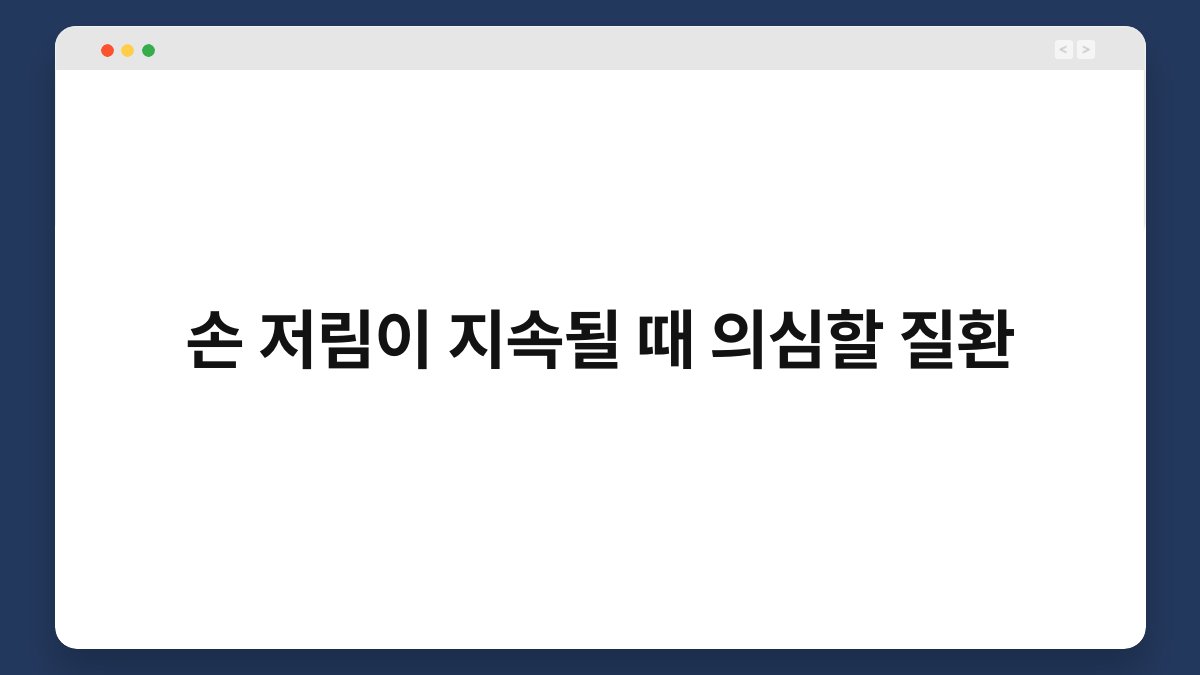 손 저림이 지속되면 불안한 마음이 드는 건 당연합니다. 많은 분들이 가벼운 증상으로 생각하지만, 때로는 심각한 질환의 신호일 수 있습니다. 이번 글에서는 손 저림이 지속될 때 의심할 수 있는 질환에 대해 알아보겠습니다. 다양한 원인과 관련된 정보를 통해 문제를 이해하고, 적절한 대응 방법을 찾아보세요. 손 저림의 원인을 정확히 알고 대처하는 것이 중요합니다. 신경 압박과 손 저림 손목터널증후군 … 더 읽기
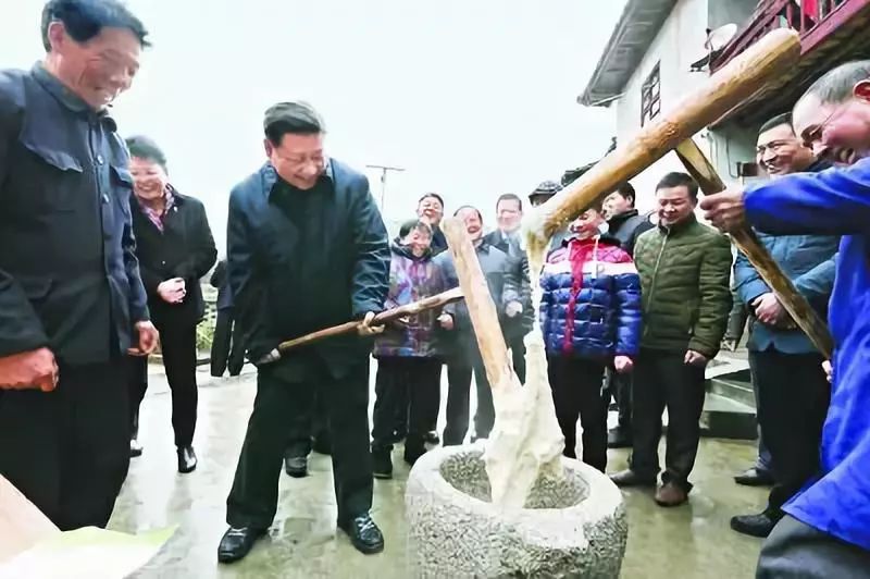 2018年2月12日,習近平總書記前往四川汶川縣映秀鎮考察。實地察看這里震后10年的發展振興情況。在當地群眾經營的制茶坊,總書記了解發展茶產業帶動群眾致富的情況,還親自操作打酥油茶。在村民開辦的飯店,總書記問生意怎么樣,一家人的生活過得好不好。他還體驗了炸酥肉和磨豆花的過程。總書記轉動磨盤,笑著說:“很練臂力啊,真是越磨越帶勁。”現場響起陣陣歡聲笑語。
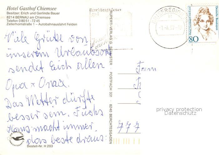 73323277 alte Postkarte Bernau Chiemsee Gasthof Chiemsee Winter am Chiemsee Chiemgauer Alpen postalisch gelaufen Erhaltung siehe scans [FriedD77] KatCode: 11110009187118
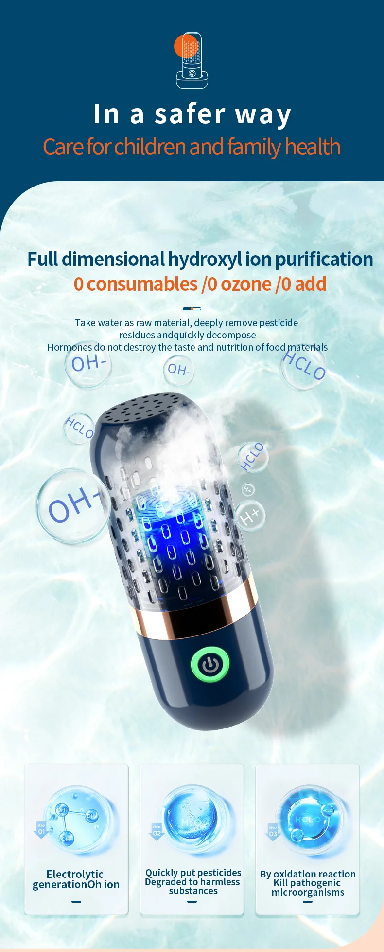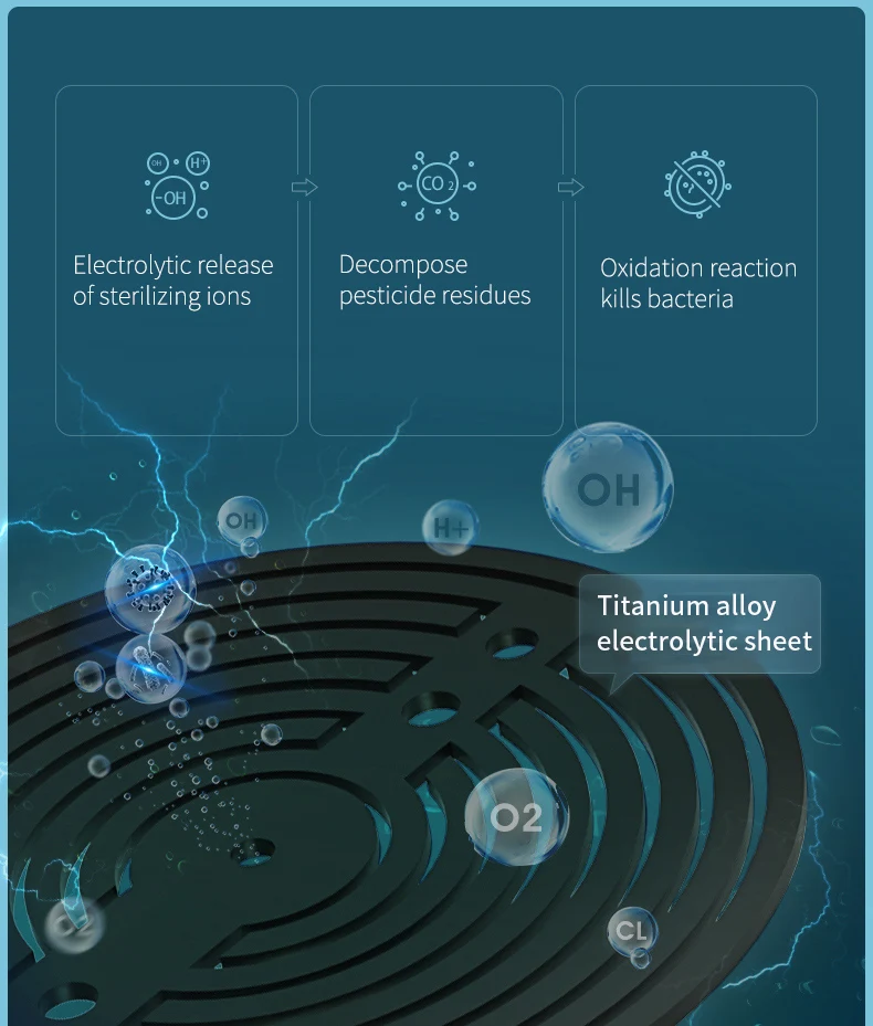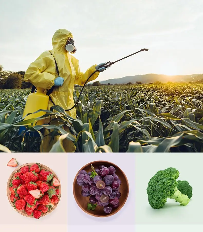 - Powerful sterilization technology to eliminate bacteria and pesticides
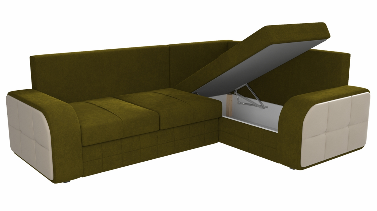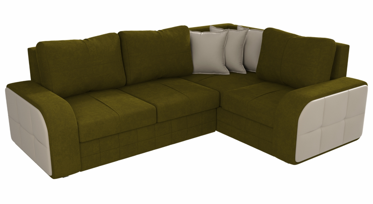 Угловой диван Николь №2 Вельвет Зеленый/Экокожа Бежевый Угол правый, Ящик для белья, 268х195х95см 47 900 ₽
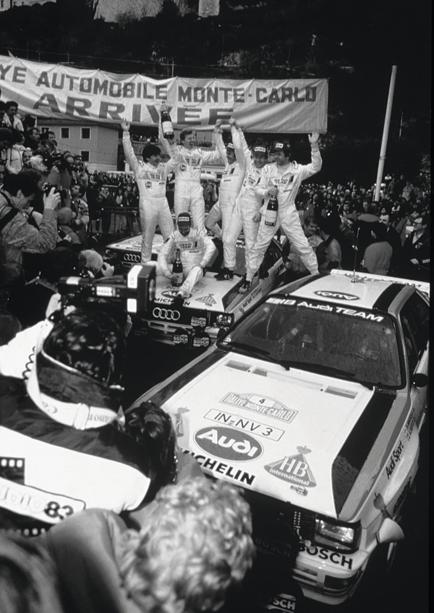Nunca había soñado con convertirme en campeón del mundo. Pero lograr ganar, aunque solo fuera una vez, en Monte-Carlo, el rally más legendario del mundo, era el gran objetivo de mi vida. Por aquel entonces solía decirme: «Cuando gane en Montecarlo, dejo el automovilismo. No lo hago para ganar dinero, sino para ver si soy un soñador o realmente soy el mejor». Esa era mi motivación. En muchas de las fotos donde salgo como campeón aparezco muy serio. Así es mi carácter: no me pongo a dar gritos de alegría. Cuando me bajo del coche después de haber alcanzado la meta, lo hago contento por haber hecho mi trabajo a la perfección y lo doy por zanjado. Pero cuando gané en Montecarlo en 1980, fue distinto. Estuve eufórico durante tres días. Había triunfado en la vida, conseguido lo que me había propuesto. Realmente había decidido dejarlo, pero mi copiloto Christian Geistdörfer me dijo: «¡Estás loco! ¿Ahora que por fin va todo sobre ruedas quieres dejarlo?». También mi mujer me dijo: «¡No seas necio! A ti te encanta conducir, si lo dejas te vas a volver loco». Yo quería participar en rallyes, pero no me sentía nada atraído por el culto a mi persona. Tuve que aceptar que no se podía evitar y me decidí a continuar. ¡Por suerte! – Walter Röhrl
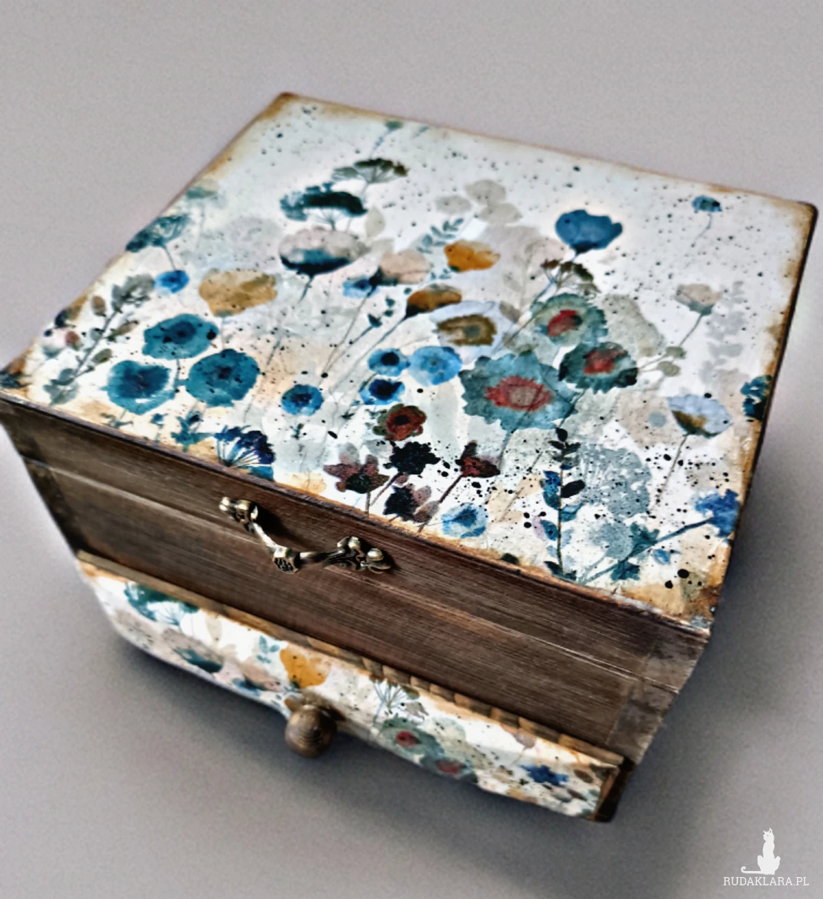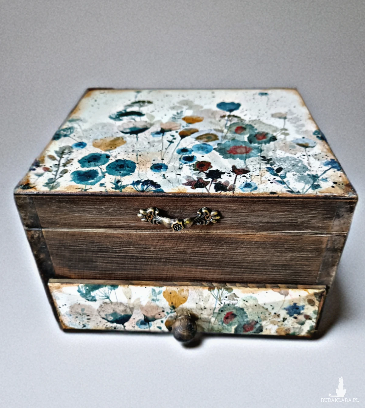 Drewniana skrzyneczka na biżuterię, z przegródkami, dodatkową szufladką i lusterkiem.

**REQUIREMENT**
Only the lines from the start of the material to the line with "Угловой диван Николь", inclusive, belong in the answer, printed exactly and free of pictures.

**TASK RESULT**
 손 저림이 지속되면 불안한 마음이 드는 건 당연합니다. 많은 분들이 가벼운 증상으로 생각하지만, 때로는 심각한 질환의 신호일 수 있습니다. 이번 글에서는 손 저림이 지속될 때 의심할 수 있는 질환에 대해 알아보겠습니다. 다양한 원인과 관련된 정보를 통해 문제를 이해하고, 적절한 대응 방법을 찾아보세요. 손 저림의 원인을 정확히 알고 대처하는 것이 중요합니다. 신경 압박과 손 저림 손목터널증후군 … 더 읽기
 2018年2月12日,習近平總書記前往四川汶川縣映秀鎮考察。實地察看這里震后10年的發展振興情況。在當地群眾經營的制茶坊,總書記了解發展茶產業帶動群眾致富的情況,還親自操作打酥油茶。在村民開辦的飯店,總書記問生意怎么樣,一家人的生活過得好不好。他還體驗了炸酥肉和磨豆花的過程。總書記轉動磨盤,笑著說:“很練臂力啊,真是越磨越帶勁。”現場響起陣陣歡聲笑語。
 73323277 alte Postkarte Bernau Chiemsee Gasthof Chiemsee Winter am Chiemsee Chiemgauer Alpen postalisch gelaufen Erhaltung siehe scans [FriedD77] KatCode: 11110009187118
 - Powerful sterilization technology to eliminate bacteria and pesticides
 Угловой диван Николь №2 Вельвет Зеленый/Экокожа Бежевый Угол правый, Ящик для белья, 268х195х95см 47 900 ₽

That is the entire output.